Tree provides immutable, in-memory partial mirror of the store, with lazy reads and delayed writes.

Trees are like staging area in Git: they are immutable temporary non-persistent areas (they disappear if the host crash), held in memory for efficiency, where reads are done lazily and writes are done only when needed on commit: if you modify a key twice, only the last change will be written to the store when you commit.

empty () is the empty tree. The empty tree does not have associated backend configuration values, as they can perform in-memory operation, independently of any given backend.

pruned h is a purely in-memory tree with the hash h. Such trees can be used as children of other in-memory tree nodes, for instance in order to compute the hash of the parent, but they cannot be dereferenced.

Any operation that would require loading the contents of a pruned node (e.g. calling find on one of its children) will instead raise a Pruned_hash exception. Attempting to export a tree containing pruned sub-trees to a repository will fail similarly.

val kind : tree->path->[ `Contents | `Node ] optionLwt.t

kind t k is the type of s in t. It could either be a tree node or some file contents. It is None if k is not present in t.

The type for fold's force parameter. `True forces the fold to read the objects of the lazy nodes and contents. `False f is applying f on every lazy node and content value instead.

The type for fold's uniq parameters. `False folds over all the nodes. `True does not recurse on nodes already seen. `Marks m uses the collection of marks m to store the cache of keys: the fold will modify m. This can be used for incremental folds.

val fold :
?order:[ `Sorted | `Undefined| `Random of Stdlib.Random.State.t ]->?force:'aforce->?cache:bool ->?uniq:uniq->?pre:'anode_fn->?post:'anode_fn->?depth:depth->?contents:(path->contents->'a->'aLwt.t)->?node:(path->node->'a->'aLwt.t)->?tree:(path->tree->'a->'aLwt.t)->tree->'a->'aLwt.t

fold f t acc folds f over t's leafs.

For every node n, ui n is a leaf node, call f path n. Otherwise:

Call pre path n. By default pre is the identity;

Recursively call fold on each children.

Call post path n; By default post is the identity.

See force for details about the force parameters. By default it is `True.

See uniq for details about the uniq parameters. By default it is `False.

The fold depth is controlled by the depth parameter.

cache defaults to false, see caching for an explanation of the parameter.

If order is `Sorted (the default), the elements are traversed in lexicographic order of their keys. If `Random state, they are traversed in a random order. For large nodes, these two modes are memory-consuming, use `Undefined for a more memory efficient fold.

Keys in the Irmin store are tagged with the type of the value they reference (either contents or node).

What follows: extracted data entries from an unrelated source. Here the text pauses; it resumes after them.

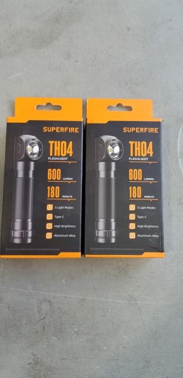 2 NEW SUPERFIRE TH04 RECHARGEABLE LED FLASHLIGHTS, WITH TAIL MAGNET, 5 LIGHT MODES, TYPE-C CHARGING,
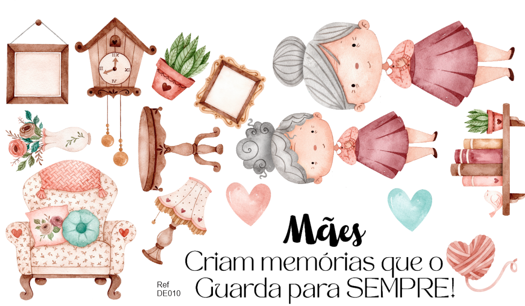 • O Kit Mães contém + de 10 imagens, de tamanhos aleatórios, respeitando a proporcionalidade das imagens principais + Frase: Mães criam memórias que o coração guarda para sempre.
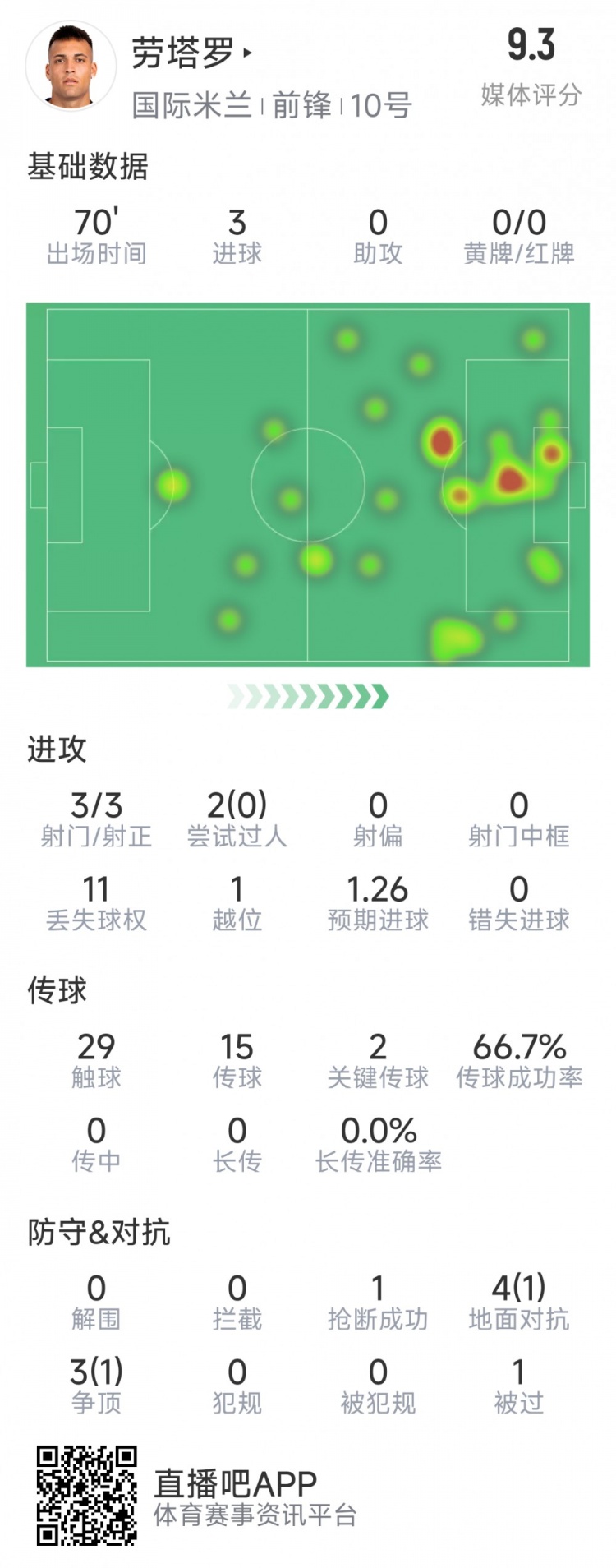 1月30日訊 在本輪歐冠國米對陣摩納哥的比賽中,勞塔羅上演帽子戲法,以下為他在本場數據:比賽時間70分鐘3粒進球3次射門均射正29次觸球2次關鍵傳球傳球成功率66.7%1次搶斷7次對抗2次成功sofa評分9.3分 本文標簽: 足球 意甲 國際米蘭
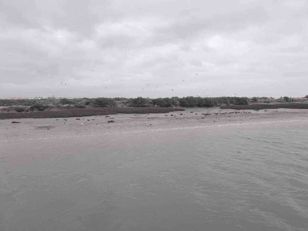 Los tripulantes eran gente simpática, marinos de cierta edad con aire de aceituneros, de jornaleros del mar. Gente amable pero pésimos fotógrafos. Salimos del embarcadero con mucha energía, haciendo casi un trompo en un vigoroso giro de 180 grados, y empezamos a navegar rumbo a la desembocadura, por un canal sin más barcos que el nuestro, en una mañana gris y con viento. Me quedé en la cubierta disfrutando de las vistas. La borda de estribor daba a las Salinas de Tavira en el Parque Natural da Ría Formosa, y todo el rato las aves marinas estuvieron volando a nuestro alrededor, y picoteando la playa, supongo que buscando almejas y otros moluscos. Me llamaron la atención los flamencos, esa especie de patos menudos, estilizados y elegantes, montados sobre unas largas patas. Y había muchas más especies que yo, lamentablemente, no sabía distinguir. Me acordé de mis amigos pajareros que seguro, habrían disfrutado mucho de este paseo en barco.
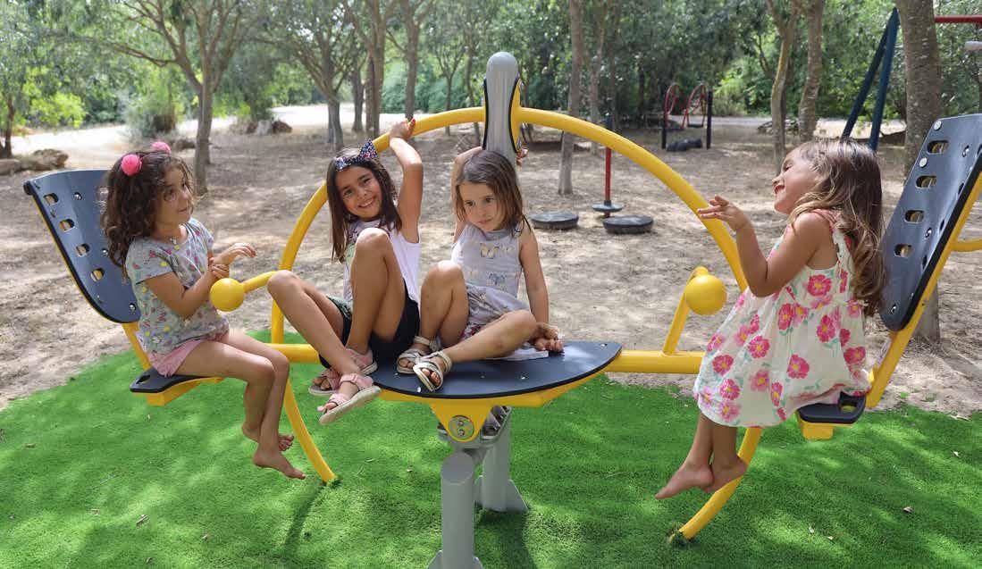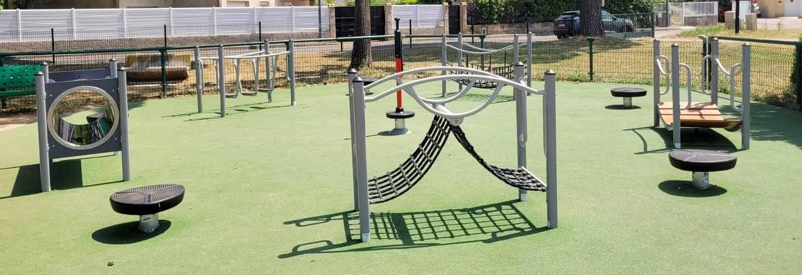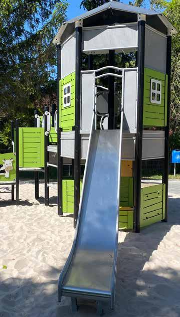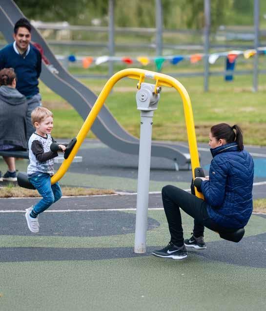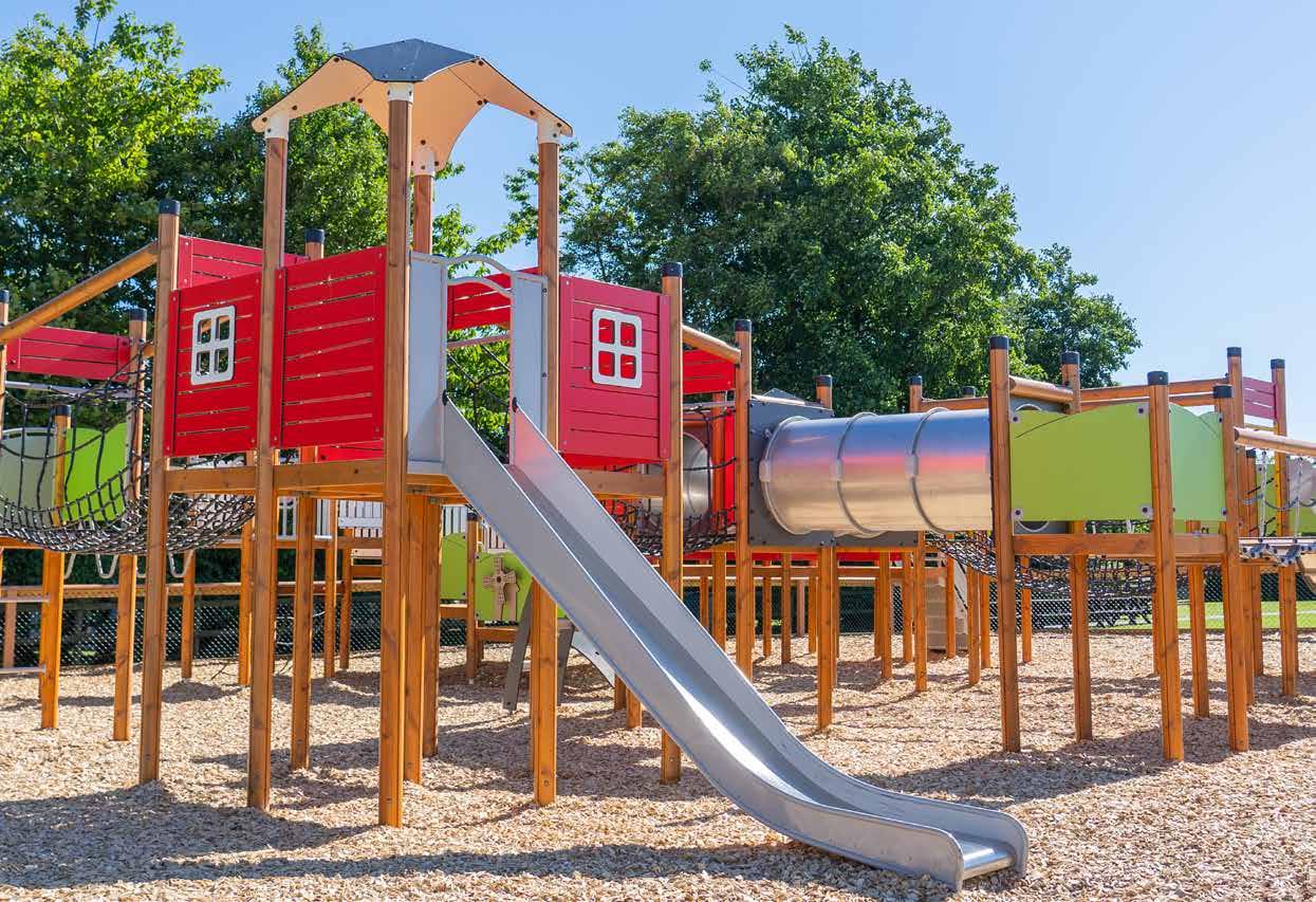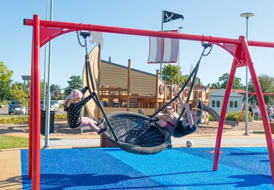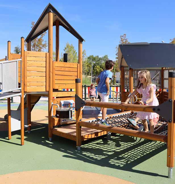 The play area features engaging structures and equipment for children of all ages and abilities, creating an inclusive space where everyone can explore and enjoy time together.

In the contents case, the key is paired with corresponding metadata.

key t is the key of tree t in the underlying repository, if it exists. Tree objects that exist entirely in memory (such as those built with of_concrete) have no backend key until they are exported to a repository, and so will return None.

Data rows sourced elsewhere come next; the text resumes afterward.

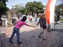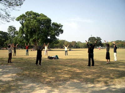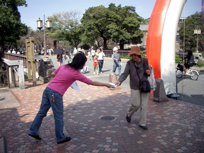 ![]() 在熊本城公园功法表演的学员 | ![]() 向游人发传单的学员 |
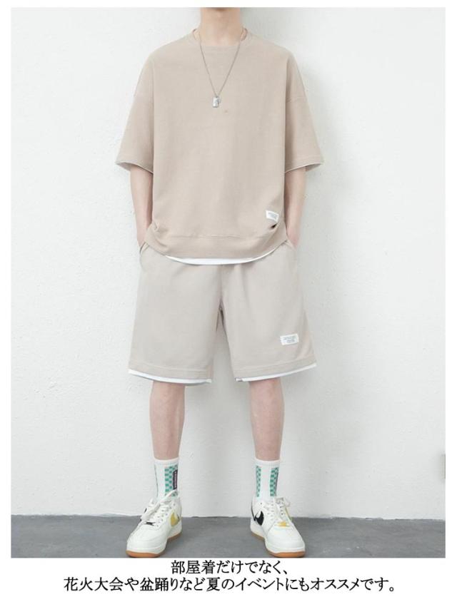| 上下別に使って、カジュアルやストリートなど様々なスタイルに使える1着。 サラリとした着心地の半袖トップス&ハーフパンツの2点セットアップ。 通気性に優れ、汗をかいても肌に張り付かず着心地バツグンです。 夏のルームウェア、パジャマなどにもお使いいただけます。 部屋着だけでなく、花火大会や盆踊りなど夏のイベントにもオススメです。 | |
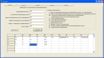сумарні витрати часу, пов'язані з управлінням (сума тимчасових витрат на ПУВ), на функціонування (сума часів функціонування, ПО, ПТ), втрати часу на ОП, ОО, загальний час роботи вузла;
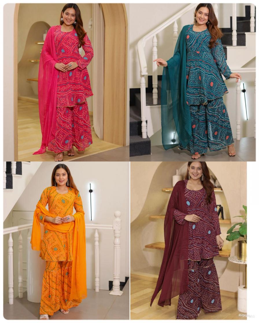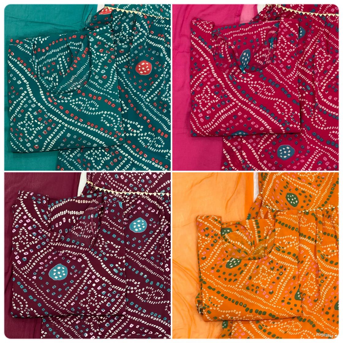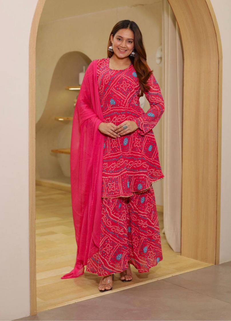 Festival Season 💃 Top-Bottom-Dupatta Ready to Wear Party Wear😊 Fabric Details: Top: Faux Georgette Print Sharara: Faux Georgette with Dupatta Nazmin(2.15 mtr) Inner top and sharara: Crepe Size: Length Rate: 950 rs |

produce r h f runs f on top of a real store r, producing a proof and a result using the initial root hash h.

The trees produced during f's computation will carry the full history of reads. This history will be reset when f is complete so subtrees escaping the scope of f will not cause memory leaks.

Calling produce_proof recursively has an undefined behaviour.

type verifier_error = [

| `Proof_mismatch of string

| `Stream_too_long of string

| `Stream_too_short of string

]

The type for errors associated with functions that verify proofs.

verify p f runs f in checking mode. f is a function that takes a tree as input and returns a new version of the tree and a result. p is a proof, that is a minimal representation of the tree that contains what f should be expecting.

Therefore, contrary to trees found in a storage, the contents of the trees passed to f may not be available. For this reason, looking up a value at some path can now produce three distinct outcomes:

A value v is present in the proof p and returned : find tree path is a promise returning Some v;

path is known to have no value in tree : find tree path is a promise returning None; and

path is known to have a value in tree but p does not provide it because f should not need it: verify returns an error classifying path as an invalid path (see below).

The same semantics apply to all operations on the tree t passed to f and on all operations on the trees built from f.

The generated tree is the tree after f has completed. That tree is disconnected from the backend. It is possible to run operations on it as long as they don't require loading shallowed subtrees, otherwise it would raise Dangling_hash.

The result is Error _ if the proof is rejected:

For tree proofs: when p.before is different from the hash of p.state;

For tree and stream proofs: when p.after is different from the hash of f p.state;

For tree and stream proofs: when f p.state tries to access paths invalid paths in p.state;

For stream proofs: when the proof is not empty once f is done.